**Provided data**
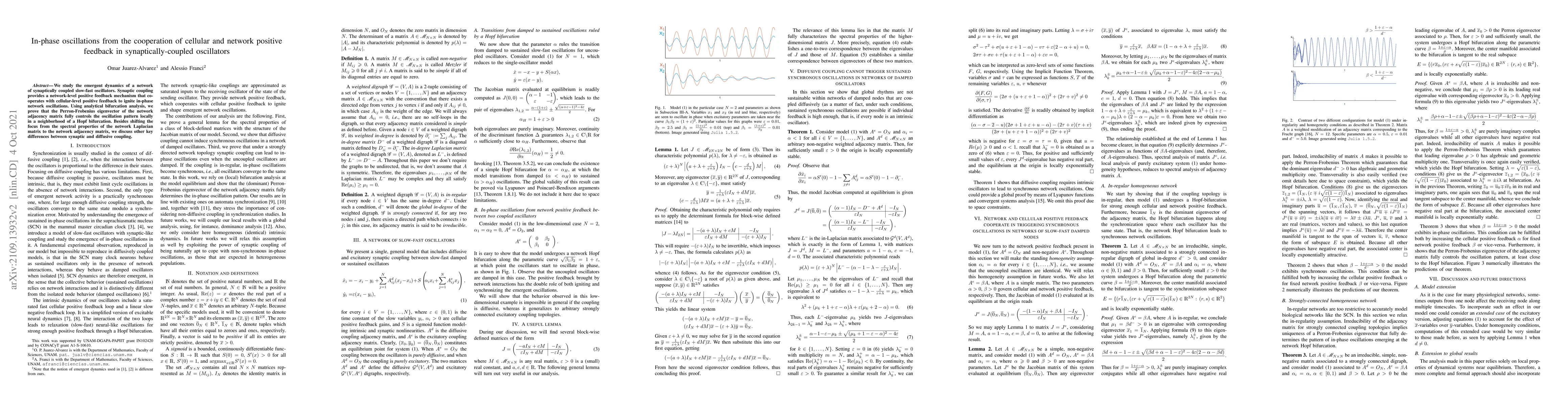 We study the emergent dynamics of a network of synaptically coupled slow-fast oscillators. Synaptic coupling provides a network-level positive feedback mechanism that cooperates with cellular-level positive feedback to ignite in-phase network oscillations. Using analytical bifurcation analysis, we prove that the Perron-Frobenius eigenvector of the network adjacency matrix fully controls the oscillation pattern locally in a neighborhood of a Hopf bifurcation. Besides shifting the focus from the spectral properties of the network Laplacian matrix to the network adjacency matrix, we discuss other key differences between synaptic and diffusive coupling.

...

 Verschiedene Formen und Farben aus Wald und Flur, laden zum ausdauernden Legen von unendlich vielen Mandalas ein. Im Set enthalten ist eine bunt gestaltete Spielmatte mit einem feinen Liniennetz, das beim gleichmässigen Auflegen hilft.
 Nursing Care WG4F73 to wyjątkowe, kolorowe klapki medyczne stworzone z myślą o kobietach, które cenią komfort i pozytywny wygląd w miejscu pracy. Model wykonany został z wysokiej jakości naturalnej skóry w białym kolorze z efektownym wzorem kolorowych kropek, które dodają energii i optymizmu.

* * *

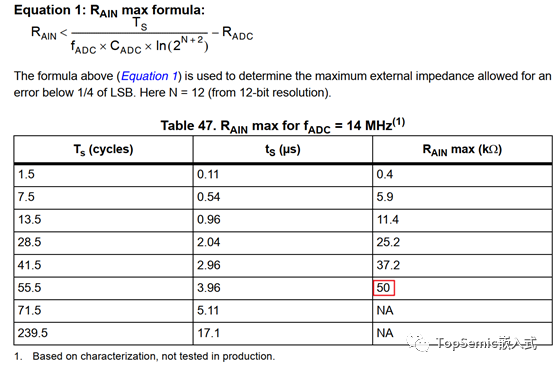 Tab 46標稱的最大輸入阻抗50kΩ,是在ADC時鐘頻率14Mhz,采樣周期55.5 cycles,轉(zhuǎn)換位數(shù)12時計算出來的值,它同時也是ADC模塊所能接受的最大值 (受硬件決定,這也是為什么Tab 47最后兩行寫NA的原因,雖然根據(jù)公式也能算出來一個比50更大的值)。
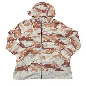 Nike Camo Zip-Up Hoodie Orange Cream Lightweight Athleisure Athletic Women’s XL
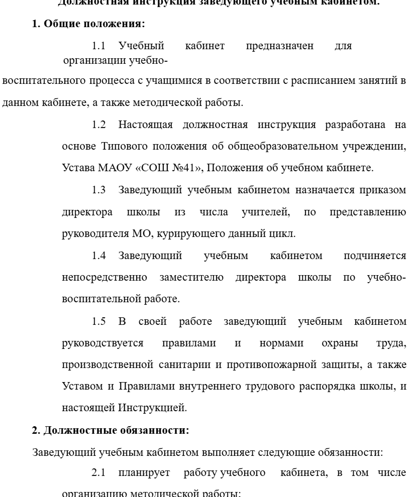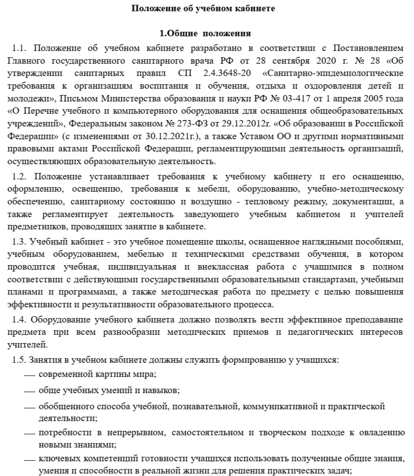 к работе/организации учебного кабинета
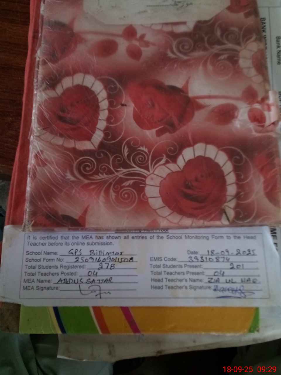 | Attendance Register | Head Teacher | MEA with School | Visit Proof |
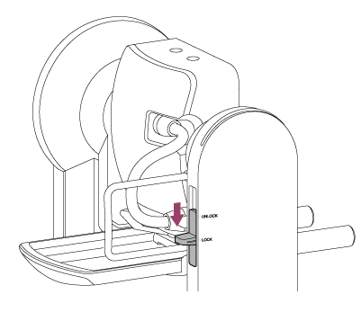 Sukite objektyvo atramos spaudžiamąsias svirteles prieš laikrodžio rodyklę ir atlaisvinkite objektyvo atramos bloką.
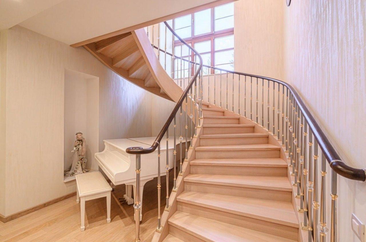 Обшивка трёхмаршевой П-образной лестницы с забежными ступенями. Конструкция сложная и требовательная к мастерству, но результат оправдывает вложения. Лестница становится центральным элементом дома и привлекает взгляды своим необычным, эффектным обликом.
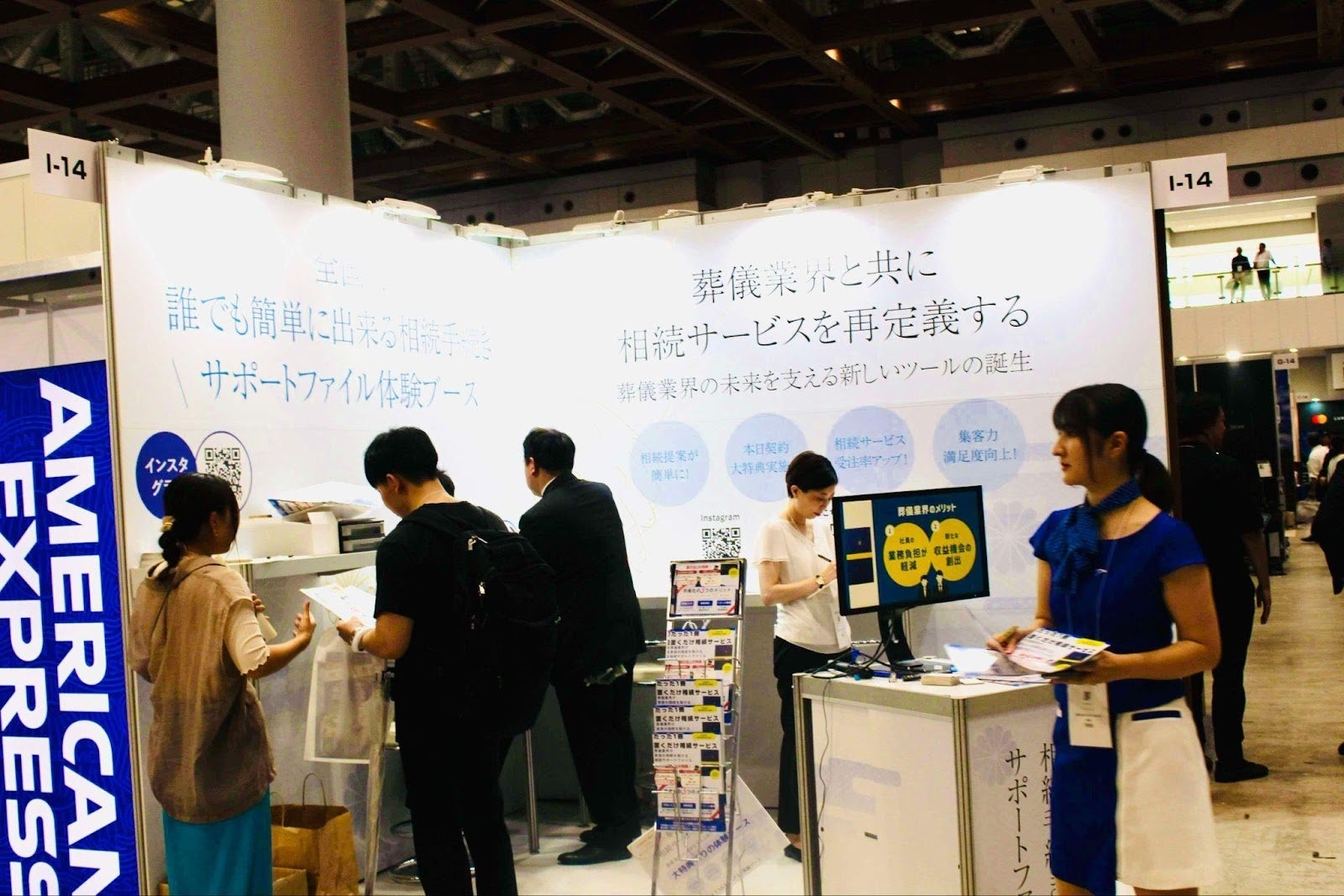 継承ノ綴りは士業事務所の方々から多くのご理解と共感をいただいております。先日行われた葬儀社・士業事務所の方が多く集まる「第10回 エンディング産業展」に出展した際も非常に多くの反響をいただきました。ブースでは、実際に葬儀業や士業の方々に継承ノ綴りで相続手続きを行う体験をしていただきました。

**Exercise prompt**
Looking at the listing above, which lines run from the one containing "к работе/организации учебного кабинета" through the one containing "継承ノ綴りは士業事務所の方々"? Print exactly those, ends included, pictures excluded.

**Reply to the task**
 к работе/организации учебного кабинета
 | Attendance Register | Head Teacher | MEA with School | Visit Proof |
 Sukite objektyvo atramos spaudžiamąsias svirteles prieš laikrodžio rodyklę ir atlaisvinkite objektyvo atramos bloką.
 Обшивка трёхмаршевой П-образной лестницы с забежными ступенями. Конструкция сложная и требовательная к мастерству, но результат оправдывает вложения. Лестница становится центральным элементом дома и привлекает взгляды своим необычным, эффектным обликом.
 継承ノ綴りは士業事務所の方々から多くのご理解と共感をいただいております。先日行われた葬儀社・士業事務所の方が多く集まる「第10回 エンディング産業展」に出展した際も非常に多くの反響をいただきました。ブースでは、実際に葬儀業や士業の方々に継承ノ綴りで相続手続きを行う体験をしていただきました。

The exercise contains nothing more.